Kathy Price, an administrative assistant at the Cottonwood School, interacts regularly with multiple students when class is in session at the South Portland charter school.
She wears a lot of hats, she told The Oregonian/OregonLive. Price substitutes for absent teachers, runs disciplinary interventions for students and provides them with medical care.
She misses seeing her students and felt sad that kids have been growing and changing without her being able to witness their development.
“I just want to be around the kids again,” Price said.
That’s why Price said she was willing to get inoculated, even though she has reservations about the vaccine’s safety and potential long-term effects.
“The whole thing is just so new,” Price said. “It’s kind of a relief that it’s happening. But, at the same time, it’s kind of the unknown.”
Robin Kobrowski, a principal in the Beaverton School District, said much of her work during distance learning has involved giving her staff emotional support, including reaching out to people who might be struggling and developing relationships with everybody.
Many of her 75 teachers, administrators, assistants and other educators at the Springville K-8 school are grateful they can get vaccinated “knowing that all the citizens in Oregon need it,” Kobrowski said.
The Oregon Convention Center is expected to administer about 2,000 doses of the Pfizer vaccine per day to school district employees and early childhood workers from throughout the Portland metro area.
There are about 40,000 eligible educators in the area plus another 20,000 or so childcare and preschool workers.
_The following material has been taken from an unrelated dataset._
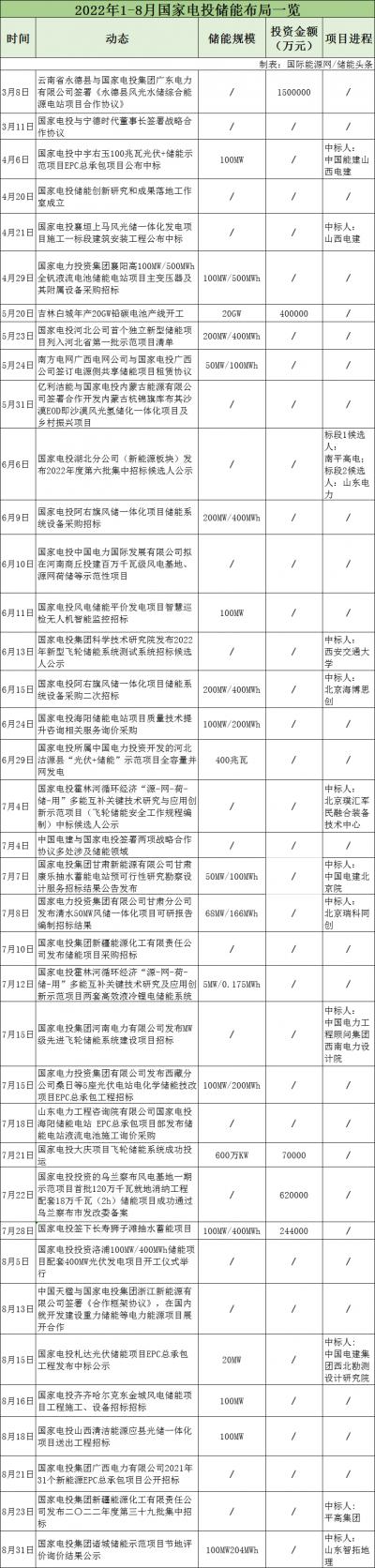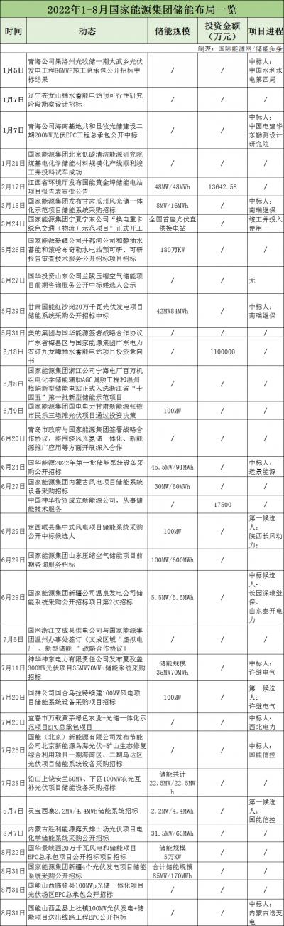 據(jù)不完全統(tǒng)計(jì),2022年1-8月,國家電投與寧德時代、中國電建、中國天楹等簽訂合作協(xié)議,圍繞儲能材料、風(fēng)光氫儲、重力儲能等方面進(jìn)行合作。儲能項(xiàng)目招標(biāo)26個,涉及飛輪儲能、液流電池、鉛炭電池、抽水蓄能及智慧新能源等方面。

Portland Public Schools, the state’s largest district, employs about 3,600.
The district broke up its vaccine distribution list into four “waves,” with elementary educators and those who volunteered for its limited in-person sessions, two hours per day for classes composed of students with an acute need for academic support.
Portland Public Schools officials expect it will take at least four weeks for every educator in the district to be vaccinated and state officials projected an even longer timetable, estimating only about three-fourths of education sector workers, at most, will get a first dose by the end of the first four weeks.
Oregon’s vaccination efforts are just one of many logistical hurdles districts must clear before mounting a wide-scale reopening of schools.
Most districts have prioritized a return for elementary schoolers, according to their reopening plans.
In Portland Public Schools, officials say they’re aiming to begin offering in-person options for families of fifth graders and younger students in early February.
A first-grade teacher who received a first dose Wednesday and received the second dose precisely on schedule would be considered fully immunized by March 3.
In the Lake Oswego district, Superintendent Lora De La Cruz announced elementary school students will begin in-person classes in late February, postponing earlier plans after fierce backlash from the teachers union.
Both De La Cruz and Portland Superintendent Guadalupe Guerrero have said vaccinations are a critical step in returning to classrooms.
Union leaders say many educators are terrified at the prospect of returning to classrooms unvaccinated.
“Educators who have devoted years of their lives to the education of Lake Oswego children were talking about leaving the classroom,” Lake Oswego Education Association President Kelly Fitzsimmons said after the district pushed back its reopening plans.
Brooke Herbert contributed to this report.